How much is your time worth? That’s the question we might ask ourselves when first glancing at Bryston Limited’s latest digital audio streamer, the BDP-π, which for US$1295 gives us a Raspberry Pi and Hifiberry Digi+ snapped into a custom case and boxed up with switch mode power supply – a combination that might otherwise be purchased for well under three hundred hundred dollars.

What gives?

Direct from the press release: “The BDP-π will playback digital music ranging from MP3 to lossless 24/192 high-resolution files and can be connected to virtually any DAC using the provided S/PDIF, Toslink, USB and HDMI connectors.”

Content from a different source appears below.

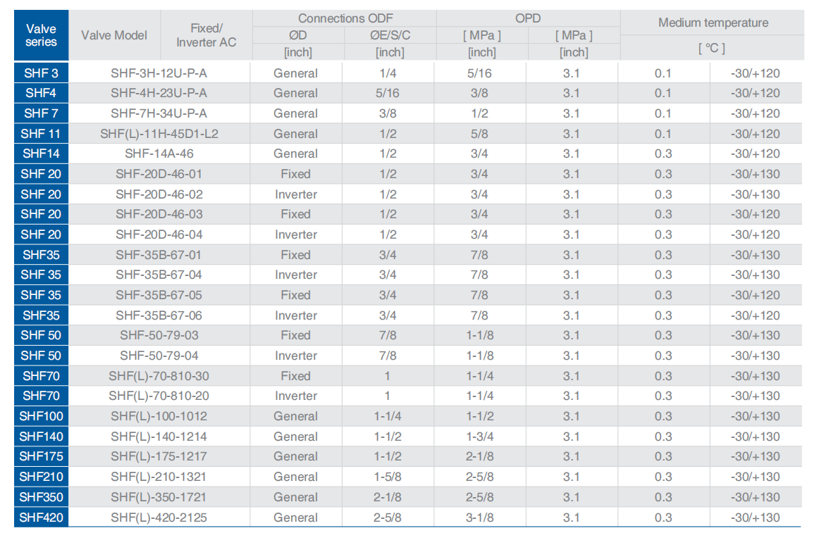 SHF series four-way reversing valves are applicable forheat pump systems such as central, unitary and room airconditioners to realize switching

Now our plot thickens a little.

Said HDMI connector will pipe digital audio into the likes of Arcam’s SR250 integrated, OPPO Digital’s more ubiquitous BDP-105 or a NAD M51 DAC. The catch? HDMI supply is hamstrung to 16bit/48kHz. Elsewhere, with USB, with TOSLINK and with coaxial, PCM file handling stretches out to 24bit/192kHz. No DSD, no worries.

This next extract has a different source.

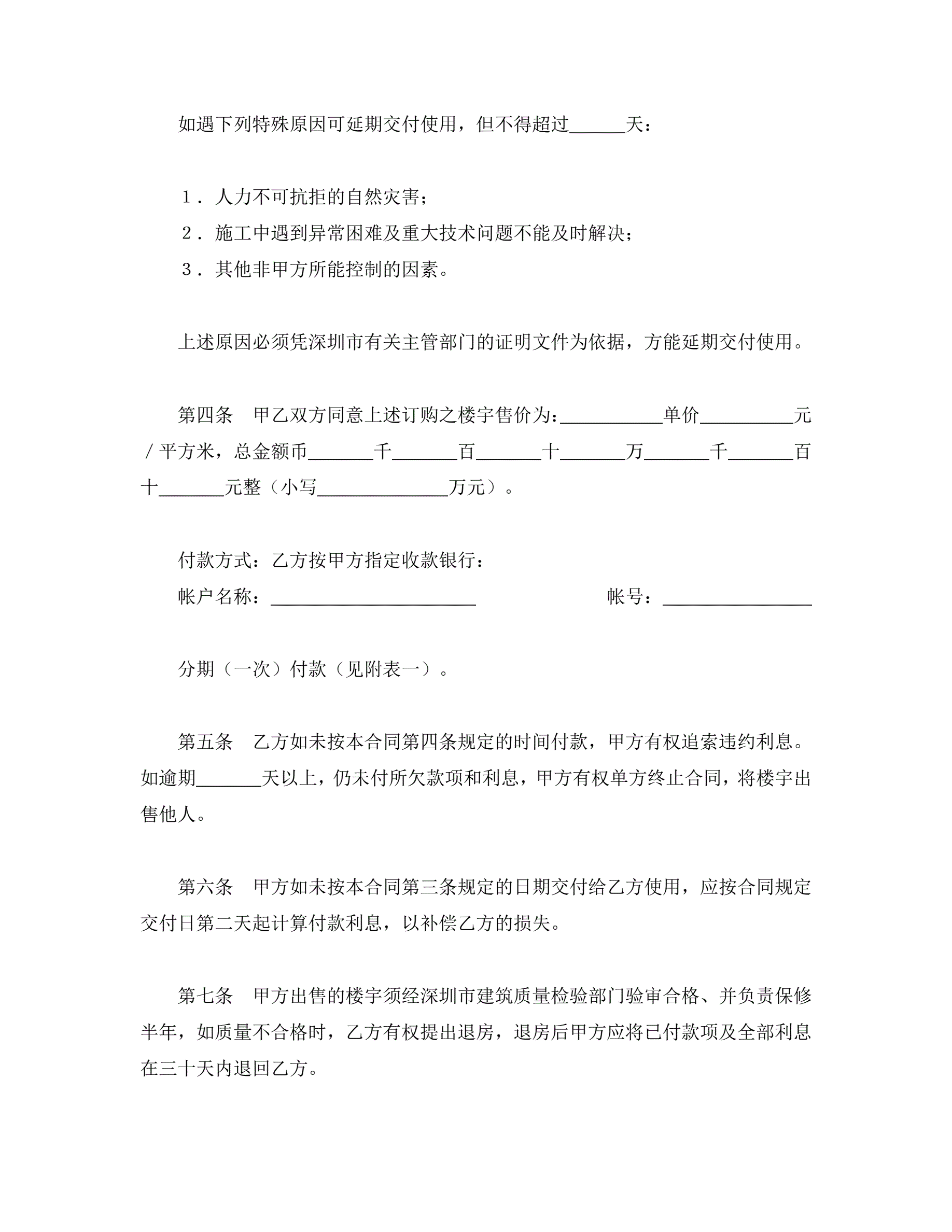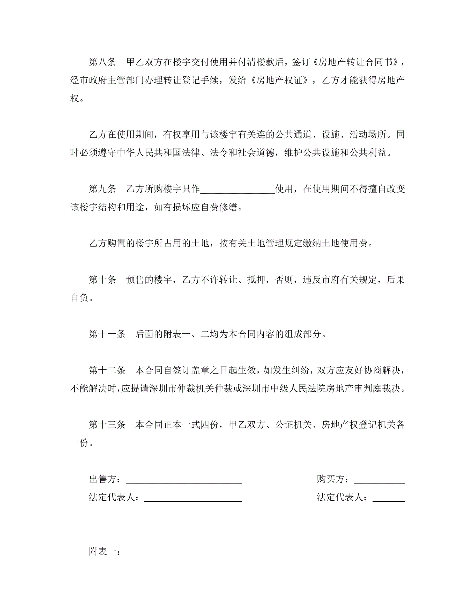 深圳经济特区商品房预售合同书

Still reckon you could build your own for less? Again – how much is your time actually worth? Raspberry Pi-based streamers don’t build themselves.

For AURALiC Aries LE owners on the cusp of pointing out that their preferred streamer is less costly and (perhaps) better looking, riddle me this: is AURALiC’s Lightning DS control app available for Android devices? No, it is not.

Bryston’s BDP-π can be controlled via a web interface – hello Android, iOS, Windows, MacOS and Linux – or any dedicated MPD control app. Alternatively, one choose to drop additional cash on Bryston’s own infra-red wand.

bryston BDP-Pi_1

And then…

Does your Aries or DIY solution’s front panel feature a colour TFT screen and associated control buttons? Would your operating system serve cover art [see footnote 1] to that same screen [see footnote 2]? Would that screen also display virtual digital VU meters? Bryston’s BDP-π offers all of these features.

Music supply comes via any direct-connected USB storage device, across the LAN from a NAS device, from any Roon server – yes, BDP-π is Roon Ready – or from the Internet via Tidal and/or Internet radio stations.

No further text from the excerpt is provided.